Dr. Arinze Nwokolo presented his thesis Essays in Development Economics: On Civil Conflict in Nigeria last Monday 16th of October at the University of Navarra. His doctoral study focused on the economic costs of the three-front conflict in Nigeria: the oil in the south, the Boko Haram in the north and the Fulani in the middle belt of the country.

Almost three-quarters of Nigeria’s GDP relies on the oil industry. In such a highly dependent country on the oil industry, attacks on both onshore and offshore oil infrastructure pose a serious threat to the economy. “I wanted to know how changes in international oil prices affect civil conflict in Nigeria,” said Dr. Nwokolo. His analysis showed that a positive increase in oil price leads to an escalation of attacks by militants in the Niger Delta. “They are more likely to attack civilians and the government because of resource rents,” added Dr. Nwokolo. His main conclusion is that if Nigeria needs to diversify its source of income, it is not only for the benefit of its economy, but also to break the violent cycle of attacks between the government and the Niger Delta militants. “If oil is less important for the economy the government wouldn't retaliate as harshly as they currently do,” he explained.

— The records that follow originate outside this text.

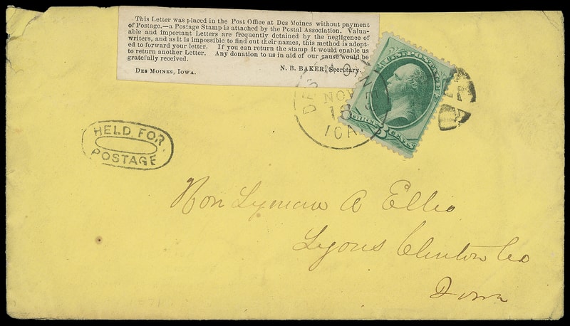 Des Moines Ia., Postal Association, black on white Good Samaritan label affixed on yellow cover with "Held for Postage" double-oval and bearing 3¢ green (147) tied by "Des Moines Ioa. Nov 16" duplex to Lyons, Iowa; upper left corner tear and edge wear, no flap, still Very Fine and rare label, the only recorded example .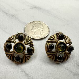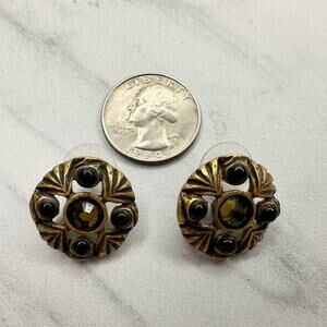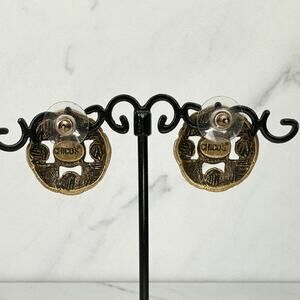 Chico's Vintage Boho Rhinestone Studded Gold Tone Earrings Pierced Pair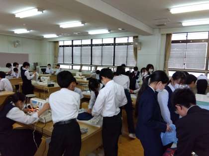 2年家庭:弁当を入れる袋を作っています。だいぶん出来上がってきているようです。上手に作ることができています。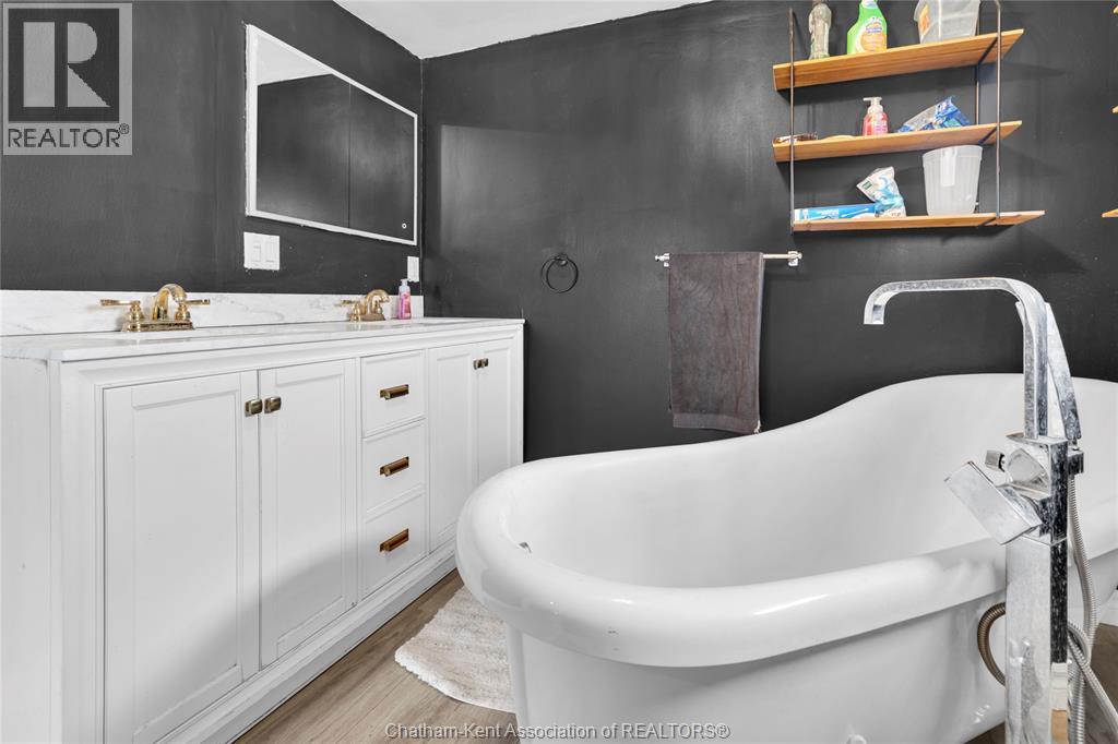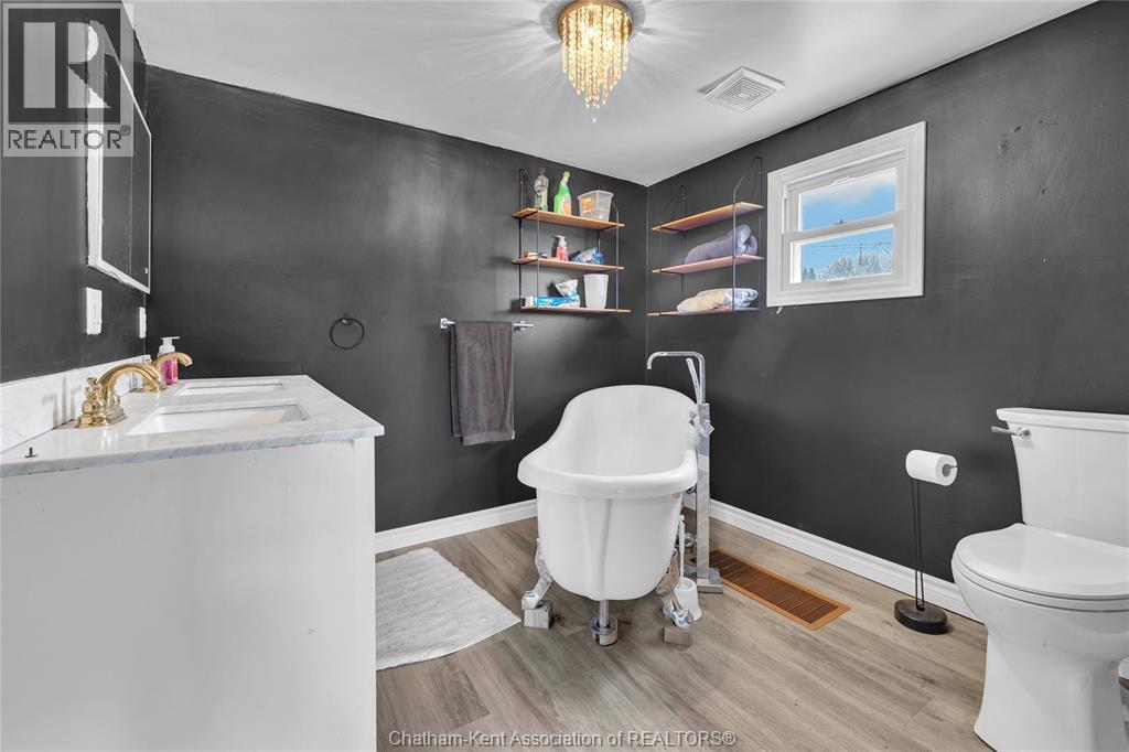 Looking for a 4 bedroom home? Look no further! Located on the outskirts of Tilbury, this home features 4 bedrooms, 2 bathrooms and a large eat in kitchen with updated cabinetry. This home has also had updated flooring throughout, and offers a spacious primary bedroom with a 3piece ensuite with free standing soaker tub – the perfect place to unwind after a long day! Enjoy the privacy of being located outside of town while you relax on the back deck. The detached garage is heated and offers plenty of space for the hobbyist or to store your toys. There is an additional loft on the garage with tons of storage space. Enjoy the conveniences of nearby town amenities, while still having the peaceful country feeling and easy access to the 401 for commuting convenience. (id:64974)
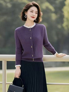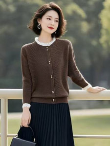 秋冬季新款花边领长袖针织衫上衣女打底衫时尚假两件毛衣打底开衫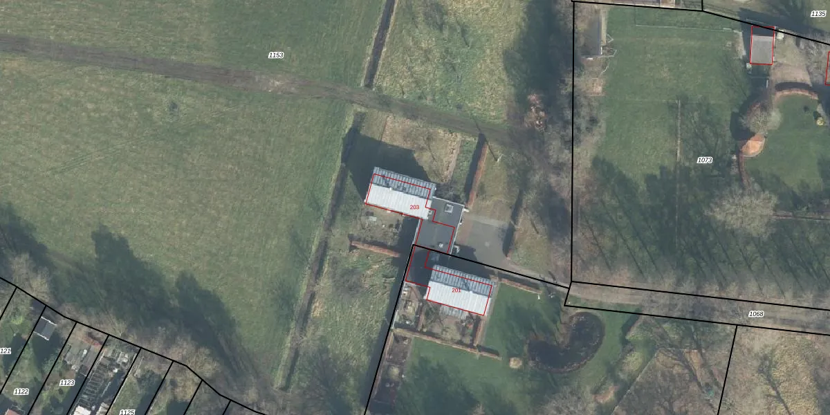 Het perceel waarop Windmolenweg 203 staat heeft een oppervlakte van 2,1 ha. Dit is een zeer groot perceel. De perceeloppervlakte wordt geregistreerd door het Kadaster. Gedetailleerde informatie over de maten van dit perceel kunt u vinden in het rapport Kadastrale kaart met maatvoering van Windmolenweg 203.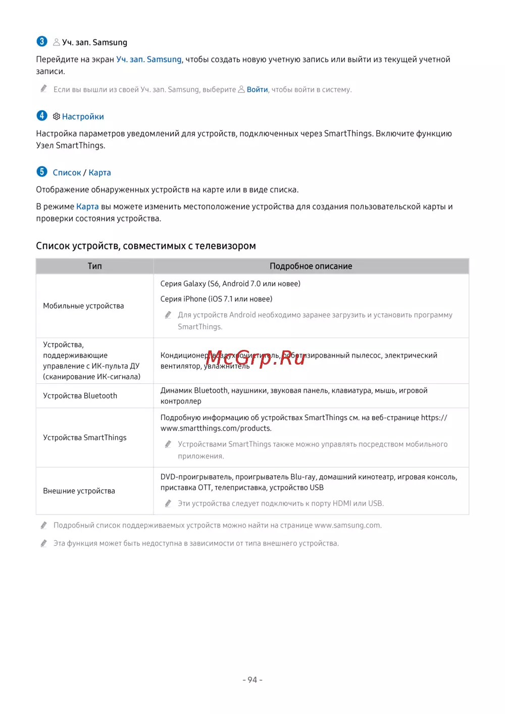 Подробный список поддерживаемых устройств можно найти на странице www.samsung.com.

Moving north, Dr. Nwokolo analyzed how attacks from Boko Haram affect birth outcomes. “We find that the birth weight reduces in the first trimester by eleven grams and by four grams in the third trimester.” “This shows that Boko Haram’s activities are not only costly in terms of the number of deaths but also affect children that are exposed during pregnancy,” he added. The long-term effects of the Boko Haram attacks is an area for future study. Dr. Nwokolo expressed his interest in studying the possible effects of terror on education, employment and mental health of households that live in areas with high terror intensity. 

The third part of the doctoral study analyzed which coping strategies do families that are exposed to the conflict victimization take to care of food consumption. “We found that households exposed to conflict experienced a 17% reduction in food consumption,” he said. “However, victimized households receive remittances and save money with informal groups. The increase in conflict between 2010 and 2016 is related to the activities of three groups as mentioned earlier. In 2014 the Fulani militants killed 847 people, a 92% of which were private citizens, and were ranked the fourth deadliest terror group by the Global Terrorism Index.

The tribunal was formed by five prestigious experts in the field: Professor Javier Gardeazabal from the University of the Basque Country; Professor Christos Kollias from University of Thessaly, Greece; Professor Macartan Humphreys  from Columbia University and WZB, Berlin; Associate Professor Mirko Abbritti from University of Navarra and Associate Professor Pedro Mendi also from University of Navarra. Dr. Nwokolo’s work was awarded an outstanding grade by the tribunal.